> Exercise
No line before the one holding "La parte posteriore" is wanted; restate word for word that line and all lines after it to the end of the entries, excluding pictures.

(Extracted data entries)

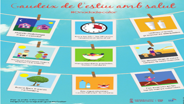La exposición a temperaturas excesivas puede provocar problemas de salud como calambres, deshidratación, insolación o golpes de calor. Para prevenir estos problemas la Conselleria de Sanidad Universal y Salud Pública ha publicado un programa con el objetivo de minimizar los efectos negativos que el calor excesivo tiene sobre la salud de la población, especialmente entre los colectivos más vulnerables, como los niños, las personas mayores, las embarazadas o las personas con enfermedades crónicas.
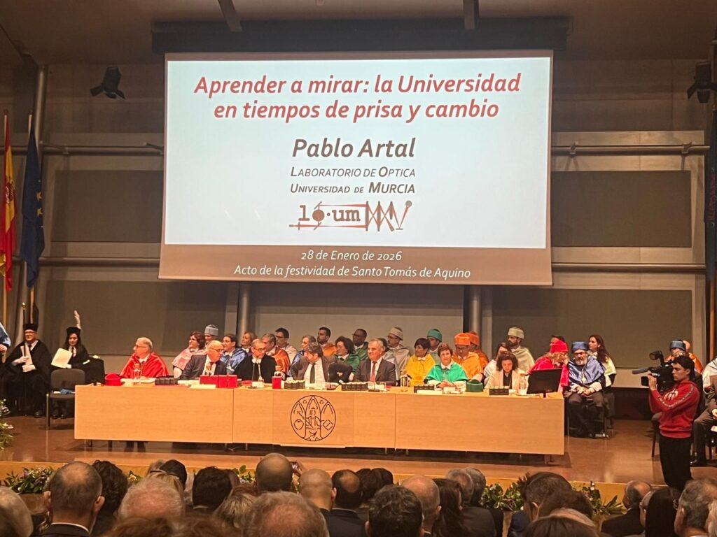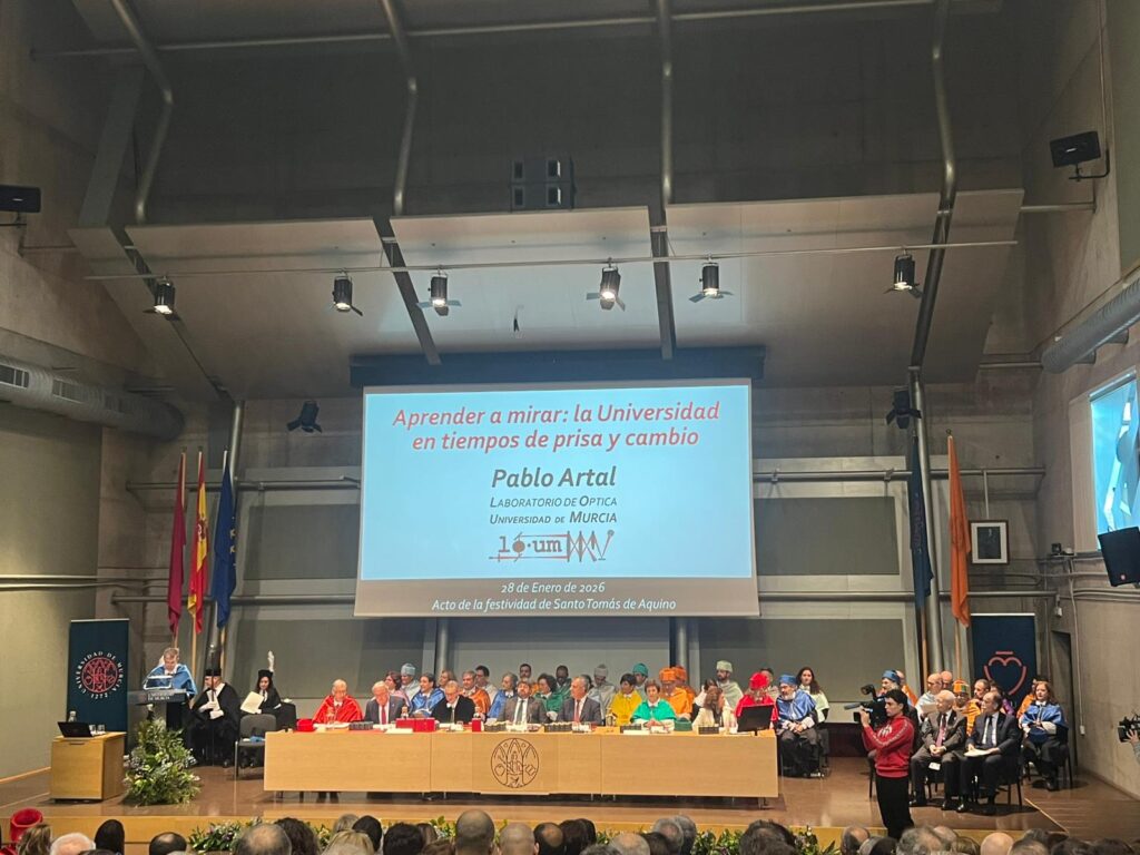 El miércoles 28 de enero de 2026, nuestro decano asistió a la celebración de la Festividad de Santo Tomás de Aquino, que tuvo lugar en el salón de actos de la Facultad de Economía y Empresa, en el Campus de Espinardo de la Universidad de Murcia. Este acto, de gran relevancia académica y social, reúne cada año a representantes del ámbito universitario y de la comunidad regional para reconocer la excelencia y la dedicación en la vida universitaria.
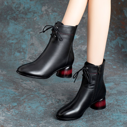 头层牛皮秋冬季中跟加绒靴子女鞋
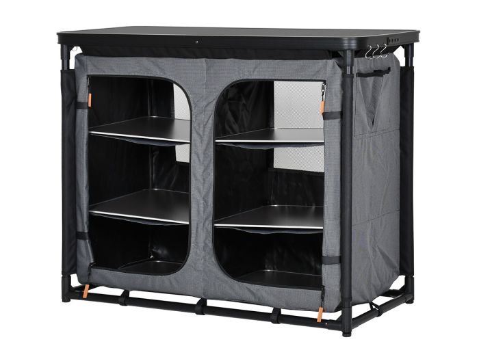 La parte posteriore è dotata di rete che garantisce una buona ventilazione interna. Su un lato sono presenti due piccole tasche portaoggetti, ideali ad esempio per riporre le creme solari. Entrambi i lati sono inoltre dotati di tre ganci, perfetti per appendere asciugamani o strofinacci. Il Avignon Alu è perfetto per preparare i pasti, lavare le stoviglie e tenere tutto il necessario per cucinare ben organizzato.
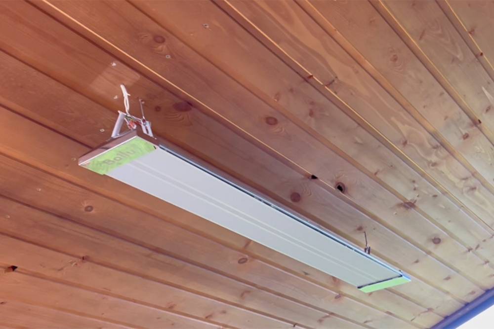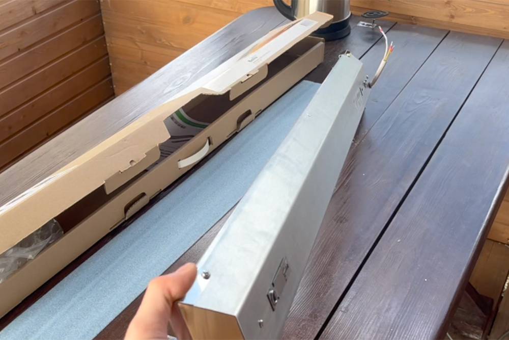Так как мягкие окна позволяли закрыть веранду целиком, пусть и не полностью герметично, я решил поставить обогреватель. Выбрал потолочную инфракрасную панель. Опыта применения таких панелей у меня нет, но я посмотрел видео, почитал отзывы и понял, что этот вариант лучше всего подходит. ИК-обогреватели нагревают поверхности, то есть, например, стол, стулья и стены, а уже от них прогревается воздух.
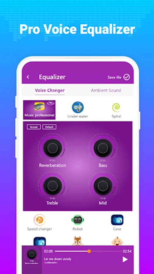 - Editing voice as professional with music studio effects: customizing echo, reverberation and mid tone
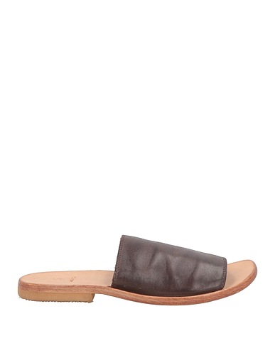 leather, no appliqués, solid color, leather backing, round toeline, flat, leather/rubber sole, contains non-textile parts of animal origin, large sized, slide sandals

> Answer to the problem
 La parte posteriore è dotata di rete che garantisce una buona ventilazione interna. Su un lato sono presenti due piccole tasche portaoggetti, ideali ad esempio per riporre le creme solari. Entrambi i lati sono inoltre dotati di tre ganci, perfetti per appendere asciugamani o strofinacci. Il Avignon Alu è perfetto per preparare i pasti, lavare le stoviglie e tenere tutto il necessario per cucinare ben organizzato.
Так как мягкие окна позволяли закрыть веранду целиком, пусть и не полностью герметично, я решил поставить обогреватель. Выбрал потолочную инфракрасную панель. Опыта применения таких панелей у меня нет, но я посмотрел видео, почитал отзывы и понял, что этот вариант лучше всего подходит. ИК-обогреватели нагревают поверхности, то есть, например, стол, стулья и стены, а уже от них прогревается воздух.
 - Editing voice as professional with music studio effects: customizing echo, reverberation and mid tone
 leather, no appliqués, solid color, leather backing, round toeline, flat, leather/rubber sole, contains non-textile parts of animal origin, large sized, slide sandals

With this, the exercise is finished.